Yat limanında otel: Aynı yaklaşımla “yat limanları”nda daha önce belirlenmiş zorunlu hizmet yapısı olanaklarına ek olarak “konaklama” tesisleri de yapılabilecek. Böylece “denize sıfır” denebilecek konumda ayrıcalıklı otellere ve yine yat limanıyla iç içe “turizm” tesislerine açıkça olanak sağlanıyor.
Balıkçı barınağında dükkân: Benzer durum “balıkçı barınağı” için de geçerli. Bu alanlardaki balıkçı teknelerine hizmet verecek kadar bağlama, su, elektik ve ağ kurutma sahası ile çekek yerlerine ek olarak, 2 katlı yönetim ve satış binalarının da yapılabilmesi mümkün olacak.

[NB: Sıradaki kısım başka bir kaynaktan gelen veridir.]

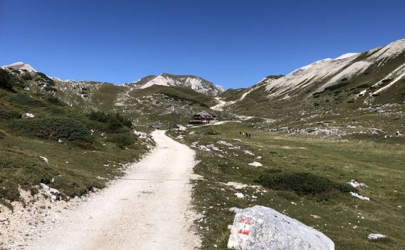 Das Wetter ist sonnig und es ist – für die Höhe – erstaunlich heiß. Wir planen heute den Aufstieg zum Kleinen Seekofel auf 2810m. Wir starten auf dem leicht ansteigenden Weg 6A zur Schutzhütte Biella, steigen dann auf zur sogenannten Ofenscharte auf und wollen dann zum Gipfel …
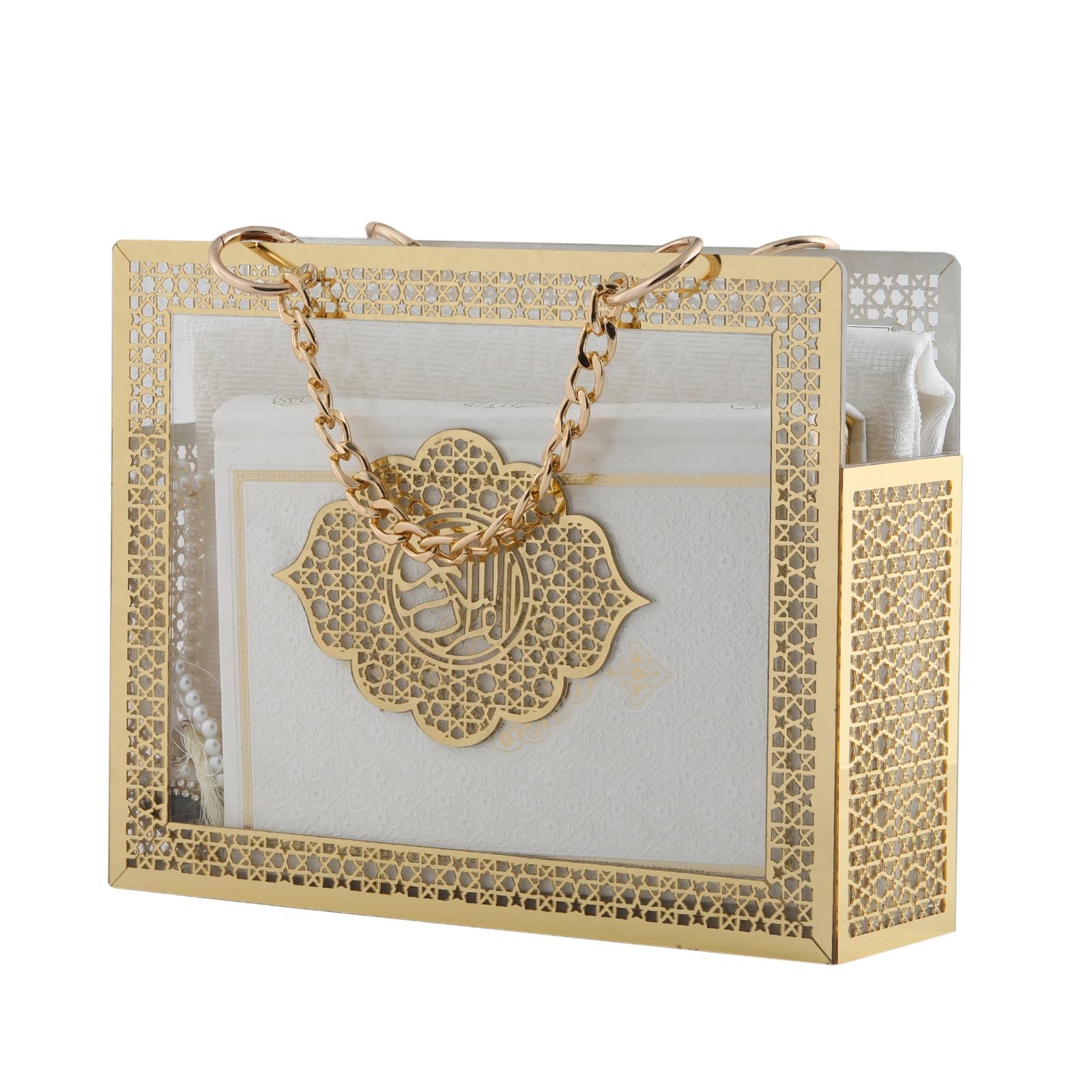 - Çanta kutu içerisinde 70x110 Cm 240 Gr Pamuk Tafta Seccade,14x20 Cm Hafız Boy Termo Deri Medine Hatlı Kuran-ı Kerim, Taşlı Zikirmatik ve 99'luk 6 mm Vavlı İnci Tesbih ile beraber sunulur.
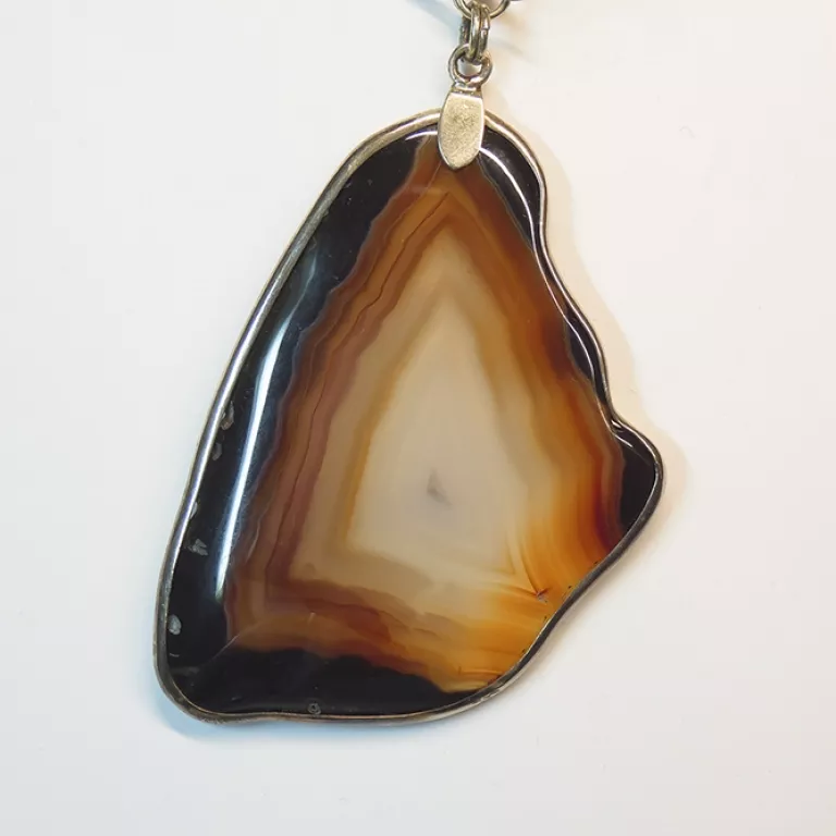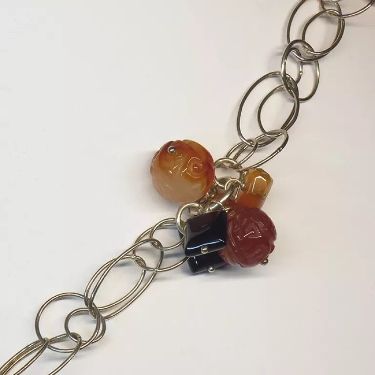 Racimos esparcidos a lo largo de la cadena compuestos por onix negro, carneola y ágatas talladas
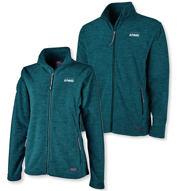 Mens and Ladies Teal 100% polyester Boundary™ anti-pill filament fleece. Made from a very fine yarn for extra softness and comfort. Full zip styling with contrast color zipper & top-stitching accent design details Unique sheared, low pile surface for a modern look, provides warmth without the bulk of conventional fleece. Self-fabric mock neck, wind flap and chin guard for added protection from the elements. Ladies style features princess seams for a feminine silhouette.
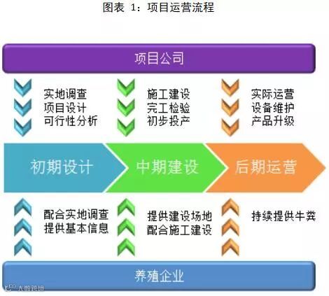 项目发起公司通过寻找投资伙伴,共同组建专门项目公司,负责对应项目从初期实地调查、项目设计、可行性分析,到中期项目施工建设、完工检验、初步投产、直至后期项目运营维护、产品升级等全过程内容。合作养殖企业不再参与项目具体运营管理过程,仅需承担提供项目建设场地,以及在项目运营过程中持续提供牛粪原材料的义务。
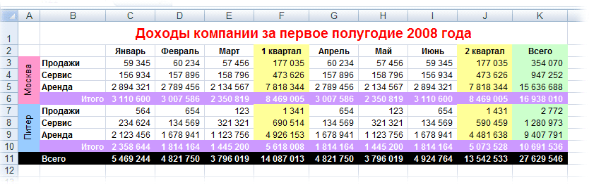 - скрывать итоги по месяцам и по кварталам, оставляя только итог за полугодие
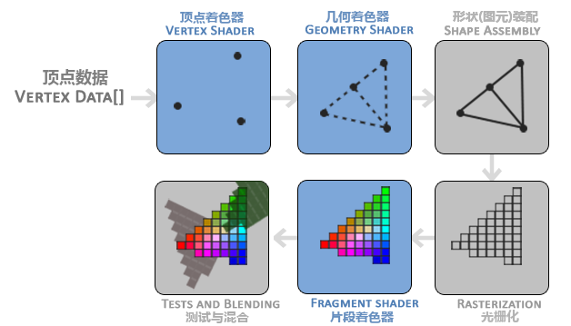 下面,你会看到一个图形渲染管线的每个阶段的抽象展示。要注意蓝色部分代表的是我们可以注入自定义的着色器的部分。
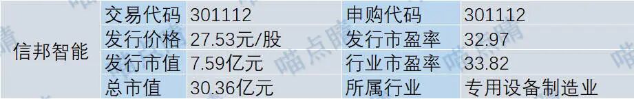 信邦智能是汽车行业领先的机器人智能制造系统集成商,主要从事汽车智能化、自动化生产线及成套装备等的研产销。发行价和估值都不高,我正常申购
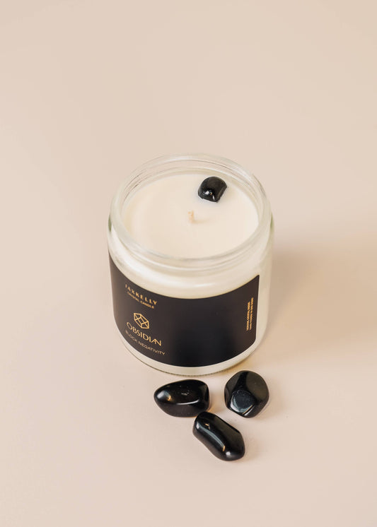 4oz Clear Crystal Candles - Obsidian - Block Negativity
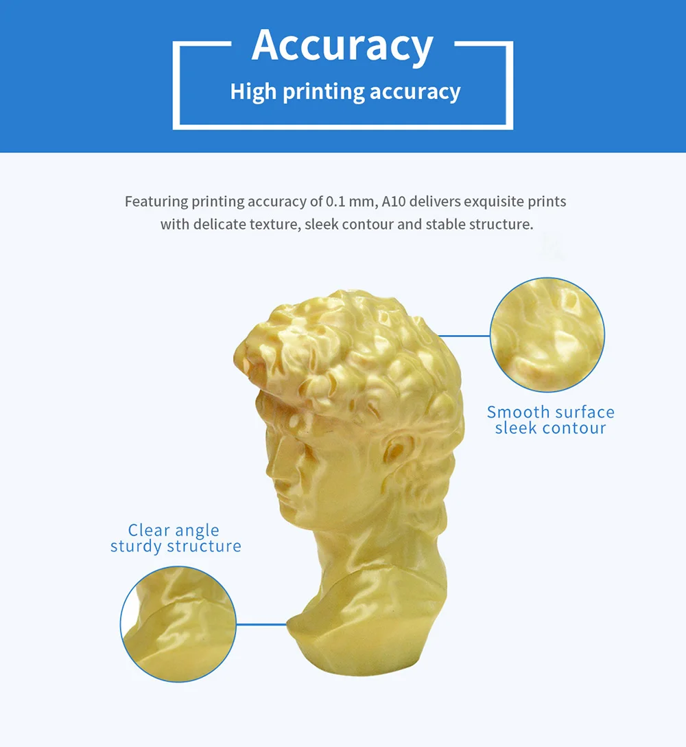 1. Классическая комбинация синего и черного цветов придает торжественность и простоту.2. С его объемом сборки 220*220 * 260мм ³, A10 делает лучшее из строительной платформы и дает вам полный обзор деталей печати.3. Благодаря точность печати 0,1 мм, A10 поставляет тонкий узор с приятной текстурой и гладким контуром и устойчивую конструкцию.4. V-образные колеса и рельсы на каждой оси, изготовленные из износостойкого алюминиевого профиля, могут в большой мере уменьшить шум печати.5. A10 поставляется с пультом управления с открытым исходным кодом GT2560, обеспечивая неограниченное пространство для изменения прошивки и повозки с вашим принтером.
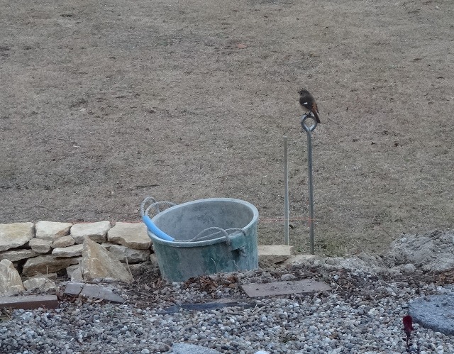 石積みを見学してる小鳥
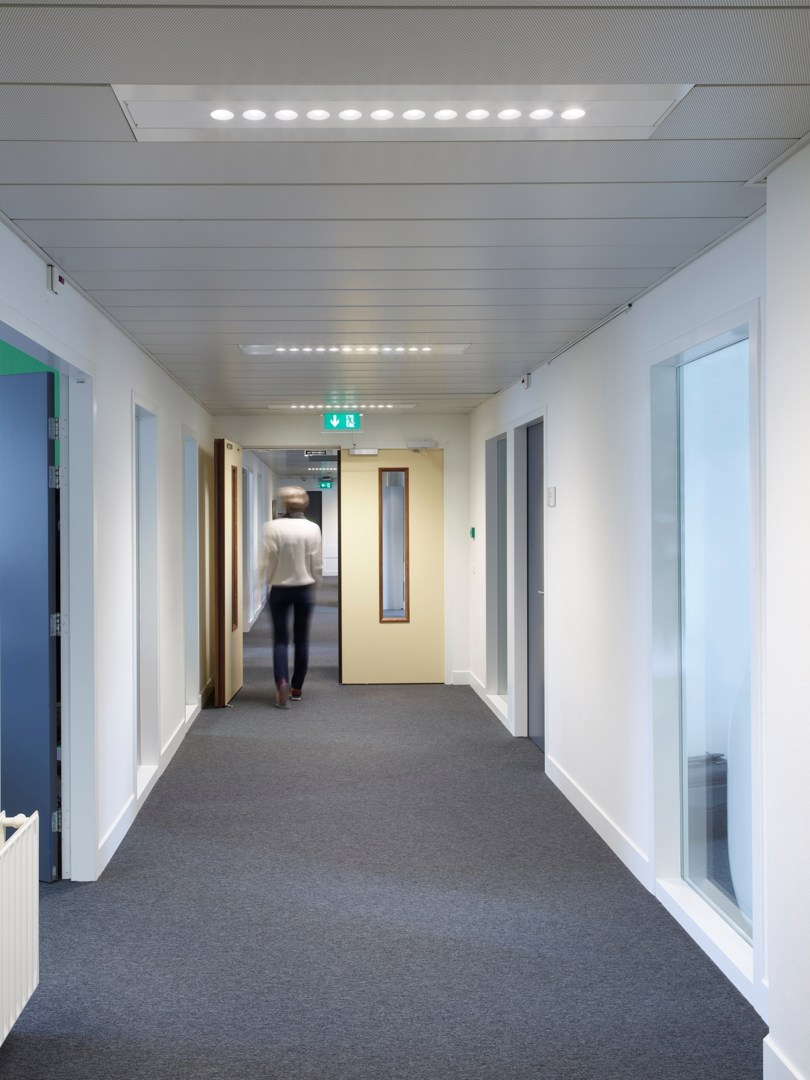 ETAP voerde vorig jaar de eerste werken uit. In die eerste fase werden de gangen van het bestuursgebouw in Tilburg aangepakt. Concreet werden 63 fluorescentielampen en het binnenwerk van de reflectorarmaturen waar de lampen inhingen vervangen door een U7-refurbishmentmodule van ETAP. De module bevat een zogenaamde LED+LENS-optiek en werd uitgevoerd in een aangepaste kleur om de kleur van het plafond zoveel mogelijk te benaderen. “Met onze renovatie- of refurbishmentmodules kan je oude armaturen snel en circulair upgraden van fluorescentielampen naar led. De originele behuizing en aansluiting en het plafond blijven intact. Het binnenwerk is wel nieuw, met nieuwe bedrading en een ledlichtbron”, legt ETAP uit.
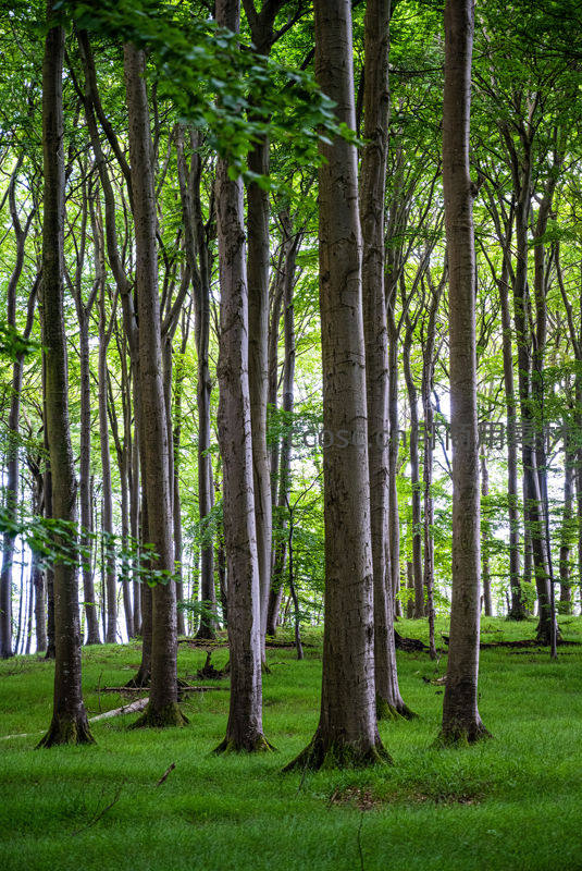 高大笔直的树木在翠绿草地上整齐排列,阳光从叶隙间洒落,形成明暗交错的视觉效果。整个画面充满生命力与自然的清新气息。
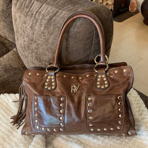 baccio laukku paksua nahkaa. Lev. n. 42 cm ja kork. n. 30 cm, hihnan pituus 95 cm.

‘Asfalt ve beton’ çekek yerleri: Yönetmelikteki “çekek yeri” tanımında da balıkçı tekneleri, küçük tonajlı tekneler veya yatların bakım ve onarımlarının yapılması için karaya alınmalarına imkân sağlayacak donanımlarla yetinilirken, yeni yönetmelikte bunların toprak zeminde değil, “katı sıcak asfalt veya betonlanmış” meyilli alanla da düzenlenebileceği belirtiliyor.
Kıyı kenar onayı: Denizin ve karanın hukuken ortak sınırını gösteren “kıyı kenar çizgisi” için de önceki yönetmelikte onay kurumları olan belediye ve valiliklerin yerini artık Çevre ve Şehircilik Bakanığı aldı. Yeni yönetmelik, bakanlıkça onaylanan kıyı kenar çizgilerine yapılacak itirazların da bakanlıkça sonuçlandırılacağını düzenliyor…
Kıyı yönetmeliğindeki bütün bu yeni hükümler, “kıyıların kamu yararına ve topluma açık kullanımı” için zaten yetersiz olan hükümleri “kıyıyı koruma”ya yönelik değil, yapılaşma olanaklarının daha da artırılması doğrultusunda değiştiriyor.
Bu konudaki en önemli kurallar olan “denize yaklaşma mesafeleri”ne kesinlikle uyulmasını sağlayacak hiçbir yeni düzenlemeye yer verilmemiş olması ise yönetmelik değişikliğinin öncelikle “rant amaçlı” olduğuna dair yeterli fikri veriyor.